Guest-writer Paul Gonzalez believes that giving up television can save you big bucks. Paul and his wife run One Year Exit Plan, which provides coaching and personal project management services to people seeking long-lasting change.

Going “NO-TV” can save you money. In our “Your Relationship with Money” workshops, we advocate living without television. There are many benefits to NO-TV. There are obvious benefits to personal growth (better self-esteem, more time for family and friends, etc). Soon, however, you’ll notice your shopping habits begin to change as well.

An hour of television carries about twenty minutes of commercials. At thirty seconds per commercial, that’s forty ads an hour. Five hours of television each day would expose you to around 250 ads.

When my wife and I got married, one of the first things we did was give away our redundant stuff: extra couches, chairs, etc. We also gave away our three TV sets. Since then, our spending has changed dramatically.

For one thing, we stopped eating crap. We stopped eating fast food. We stopped buying gadgets. We don’t drink alcohol. We are spending less money. We go out only when we feel like it. We have more friends. We enjoy living together. Things get done around the house! It’s amazing.

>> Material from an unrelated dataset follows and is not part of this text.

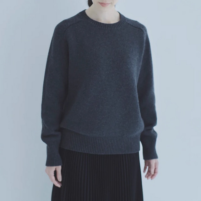 TORICI - knitwear ヴィラン(VILLAN)=悪役】の名を冠したTORICIを代表するヴィランシリーズ。エクストラスーパーファインメリノウール(16マイクロン)を独自の撚り加減に調整。ややノイズの入ったダークトーンな色合いが粗野で実直な印象です。 ヴィランシリーズのなかでは最も厚手で張りがあり、撚り加減を調整をすることで、毛玉ができづらく、経年変化が楽しめるセーターです。 ゆったりとした身幅、すっきりとしたラグランスリーブ、長めの袖口。上品さもありながら、リラックスした着心地の1枚です。 カラー:ブラック サイズ| 1号:着丈58 ⾝幅44 裄丈75(cm) 2号:着丈60 ⾝幅50 裄丈77(cm) 3号:着丈66 ⾝幅54 裄丈85(cm) 4号:着丈69 ⾝幅58 裄丈88(cm) 重さ| 1号:約430(g) 2号:約450(g) 3号:約530(g) 4号:約590(g) ゲージ(針の密度)|5ゲージ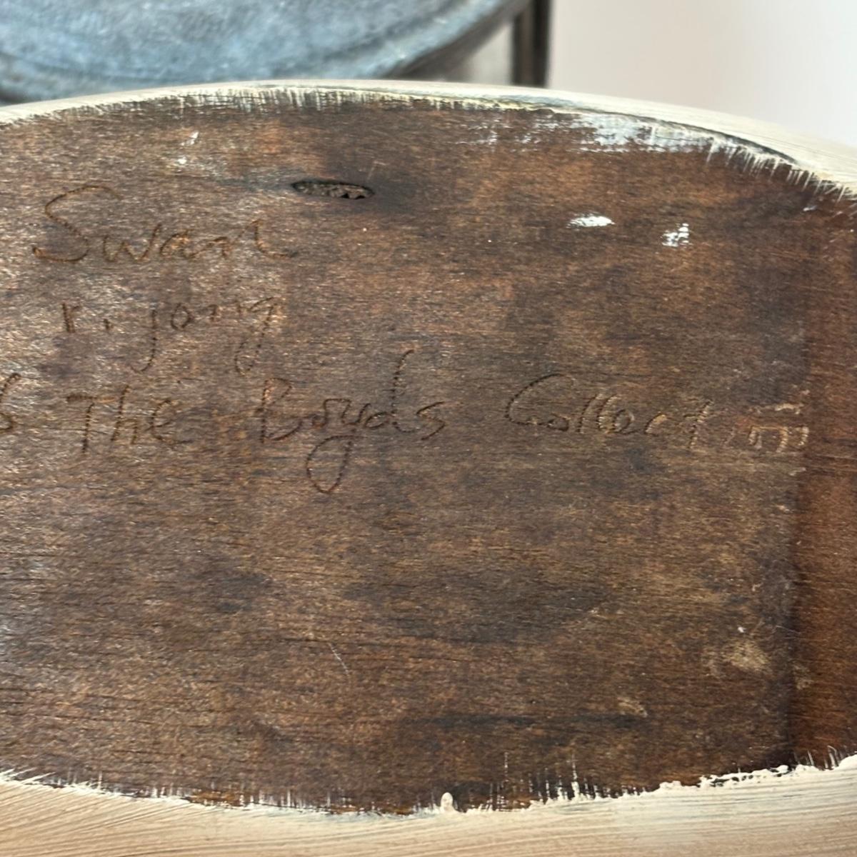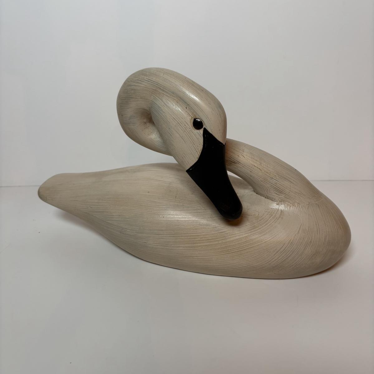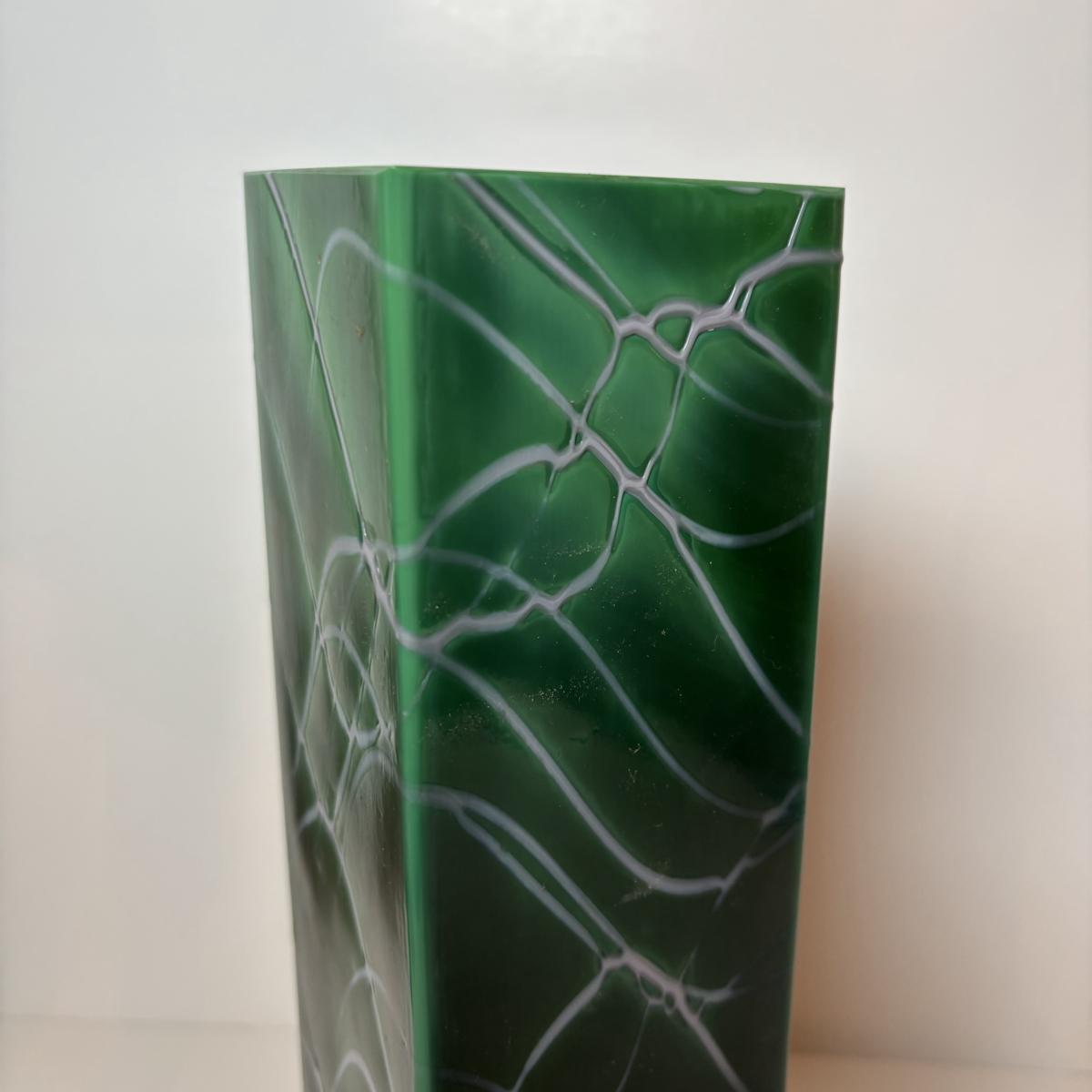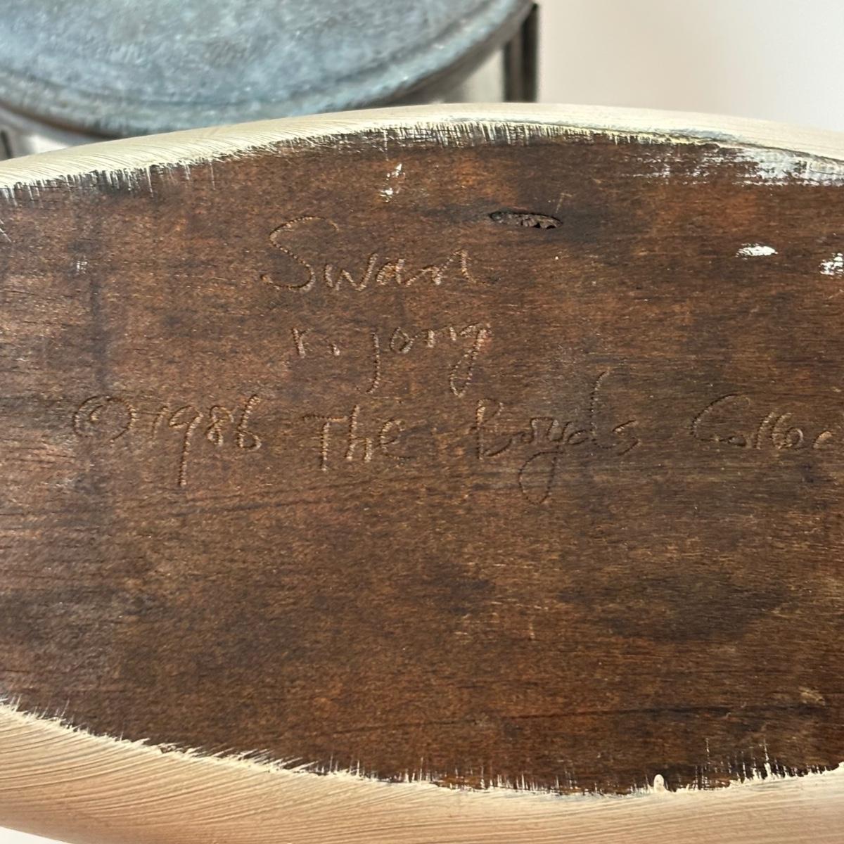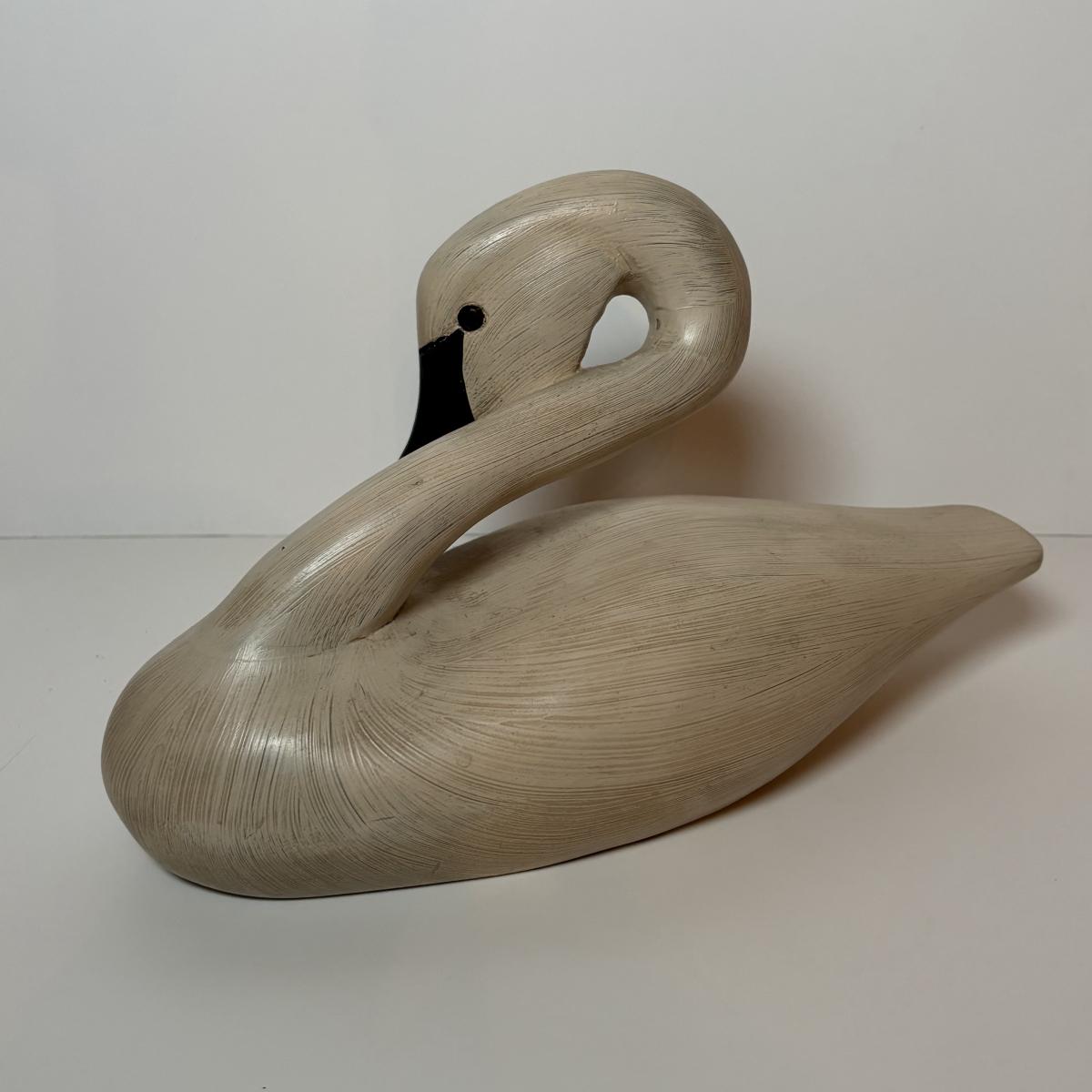 LOT 99: MCM Studio Art Glass Spaghetti String Green Artisan Vase, Wooden Resting Swan 1986 The Boyds Collection & Votive Candle Lantern

I’m no scientist, and I acknowledge that much of this lifestyle change may not be fully related to giving up television per se, but turning off the appliance opened more “space” in our lives to do other things. It reminds me of The Simpsons episode (ha!) where Marge bans TV in Springfield and all of a sudden the kids start playing outdoors, reading, and listening to classical music.

The purpose of television is to sell you stuff. It’s a vehicle for ads. Consider the following statistics, reported by the Media Education Foundation and the Center for Screen-Time Awareness:

  • 50% of US households have three or more TV sets
  • In the average US home, television is on for 7 hours and 40 minutes a day
  • The average American watches more than four hours of television a day
  • On Average, children in the US will spend more time this year in front of a TV (1,023 hours) than in school (900 hours)

Television is the foremost channel to consumption in our society. It is the first channel to everything that is sold in the United States. Some people complain that this country is all for sale. Perhaps those people should just turn off their television! If that’s all the reality you see, then certainly TV becomes your reality.

Television keeps us in a constant stimulus state, and in a sustained state of inadequacy and personal desire. TV fools you into entertainment but robs you of your worth. Here are some tips for turning off your television:

  • Add deliberate purpose to your actions. Television is so pervasive that it’s almost effortless to connect to it. By unplugging from TV, you will be more in charge of your time. You will be more purposeful. Want to watch the Super Bowl? The Presidential debates? The Oscars? Daytona 500? You could still watch them, even if you had no TV at home, couldn’t you? We are not advocating a total, fanatical media black-out. We know what TV is, we just choose not to “do” it.
  • Move your TV to the closet. Yes, the closet. Or cover it with a sheet. Or put something in front of it. Or unplug it from the wall. If you’re not ready to throw away your television altogether, make your TV viewing more deliberate, less effortless. Make it more difficult to watch television — erect a barrier.
  • Find a medium that is less pervasive to you than TV. Get your news from the web. Watch DVDs on your laptop. But don’t replace one tube for another. Be aware of how you spend your time when not watching television. We’re coming to a time when the gap between TV and internet may disappear. The message is the same: Beware of becoming consumed and engrossed by the online generation.
  • Experience valuable choosing in your life. We fill our lives with value-less choices: Do I watch Lost or do I watch 24? Should I TiVo Desperate Housewives now or try to download it later? Stop making these choices. Instead, choose between goofing off and getting things done. Stop choosing how to goof off. Choose amongst values-based actions that add to your life instead.

By turning off your television, your shopping patterns will change in time. You will not be facing the torrent of advertising hour after hour, nor will the TV culture be in the forefront of your mind day after day. We believe that by turning off the television, you’ll be on the path to saving more money than through any other action. NO-TV may be the first big step in breaking the cycle of consumerism in your life.

  • You’ll shop less.
  • You’ll feel better about your life.
  • You’ll be forced to take care of your children.
  • Which in turn will force you to evaluate what life choices you must make so that you’ll be better positioned to be a good parent than you are now.

If you’re mindful, and aware of your values, your life will begin to be filled with things that really matter to you.

Here are some other resources for learning how to live without television:

Thanks, Paul! I have a love-hate relationship with television. Some of my college research was into its effects on children. These effects are not good. Yet I enjoy certain shows immensely. However, I watch little broadcast TV, and rarely see ads. It’s certainly something I think about!